To find the equation of the tangent to the curve, we first need to find the slope of the tangent at the point where x=4.
We can find the slope by taking the derivative of the function y= (lnx^2) / x and evaluating it at x=4.
y = (lnx^2) / x
y' = [(2/x) - ln(x^2)/x^2]
y'(4) = [(2/4) - ln(4^2)/4^2] = [0.25 - ln(16)/16] ≈ 0.1248
So the slope of the tangent at x=4 is approximately 0.1248.
Now we need to find the equation of the tangent, which can be done using the point-slope form of a line.
y - y1 = m(x - x1)
We know that the point (4, (ln4^2)/4) is on the tangent, and we just found that the slope at that point is approximately 0.1248.
Substituting these values into the point-slope form, we get:
y - ((ln4^2)/4) = 0.1248(x - 4)
Simplifying and rearranging, we get the equation of the tangent:
y = 0.1248x - 0.2951
Find the equation of the tangent to the curve defined by
y= (lnx^2) / x
at the point where x=4.
5 answers
no decimals, please use exact values (answer should include ln)
Okay, let's redo the solution using exact values.
The function is y = (ln(x^2))/x.
To find the slope of the tangent at x=4, we need to find y' and evaluate it at x=4.
y = (ln(x^2))/x
y' = (2/x - ln(x^2)/x^2)
y'(4) = (2/4 - ln(16)/16) = (1/2 - ln(2^4)/2^4) = (1/2 - ln(2)/16)
So the slope of the tangent at x=4 is (1/2 - ln(2)/16).
Now we use the point-slope form of a line to find the equation of the tangent.
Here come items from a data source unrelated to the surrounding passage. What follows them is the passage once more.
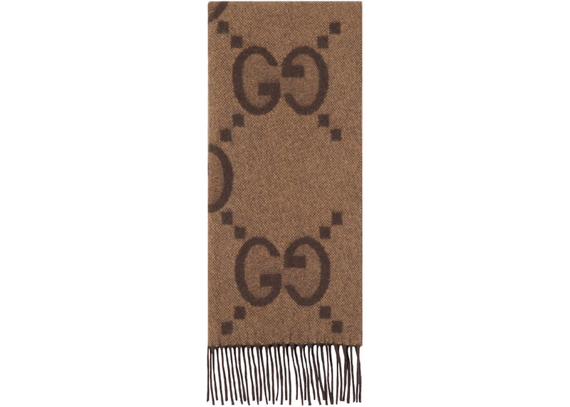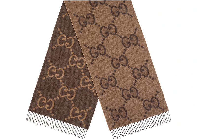 The Gucci GG Cashmere Jacquard Scarf Beige/Dark Brown is now available at Side Kicks!
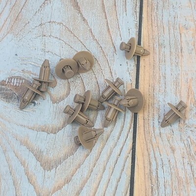 Exact item set is shown. New old stock with original packaging. Tan plastic clips, approximately 19mm long and 13mm outer diameter. Unknown country of manufacture. No returns on installed items or partial sets. Please review our business policies in our store for information regarding returns, shipping and warranties.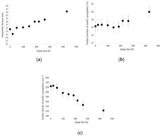 When the three different γ′ populations are considered—γ′II, γ′III, and coalescing γ′—the overall surface fraction of γ′ tends to increase while the surface density decreases as it is shown in Figure 6. In Figure 6a is reported the evolution of the inter-particle distance between all the γ′ precipitates. The inter-particle distance increases steadily, accounting for the dissolution of tertiary γ′. A singular decrease is though observed at 20 h, maybe due to a small period where a fine γ′ population reprecipitates because of supersaturation of the matrix.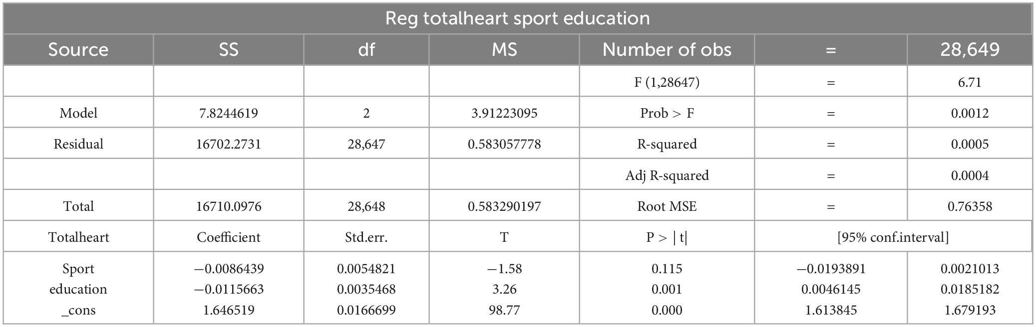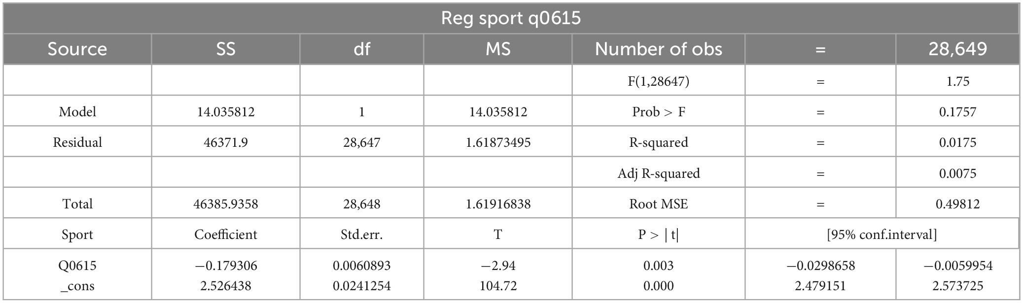 The mediation effect was tested using a series of regression analyses. First, following the framework proposed by Baron and Kenny, the total effect of the independent variable on the dependent variable was examined to determine whether physical exercise significantly influences psychological resilience. The independent variable, physical exercise, was measured through two components: exercise frequency (Q0913: How many days in the past 7 days did you exercise for more than 30 min?) and exercise intensity (Q0917: How many sports interest classes did you participate in over the past 12 months?). These components were tested separately using Stata software. The results (see the table below, where the coefficient represents the standardized regression coefficient and Prob > F indicates the significance level) show that both exercise frequency and exercise intensity have a significant positive effect on mental health at the 5% significance level.
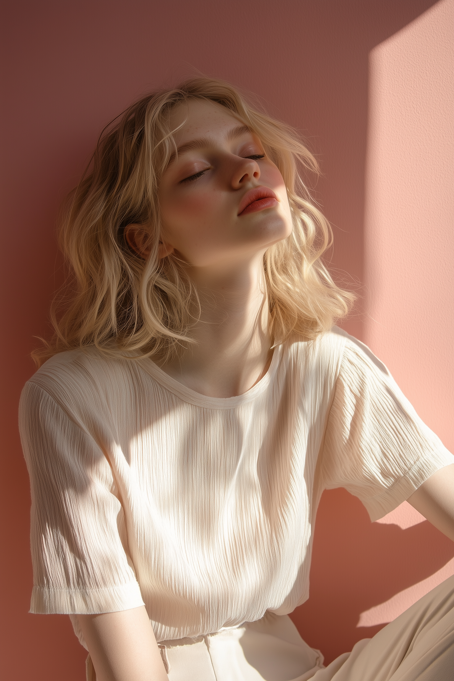 Serene portrait of a blonde woman in soft sunlight against a pink background, exuding calm and natural beauty.

We know that the point (4, ln(16)/4) is on the tangent, and we just found that the slope is (1/2 - ln(2)/16).
The point-slope equation is:
y - y1 = m(x - x1)
Substituting in the values, we get:
y - ln(16)/4 = [(1/2 - ln(2)/16)](x - 4)
Simplifying and rearranging, we get the equation of the tangent:
y = (1/2)x - (ln(2)/4) - 1
Therefore, the equation of the tangent to the curve y = (ln(x^2))/x at the point x=4 is y = (1/2)x - (ln(2)/4) - 1.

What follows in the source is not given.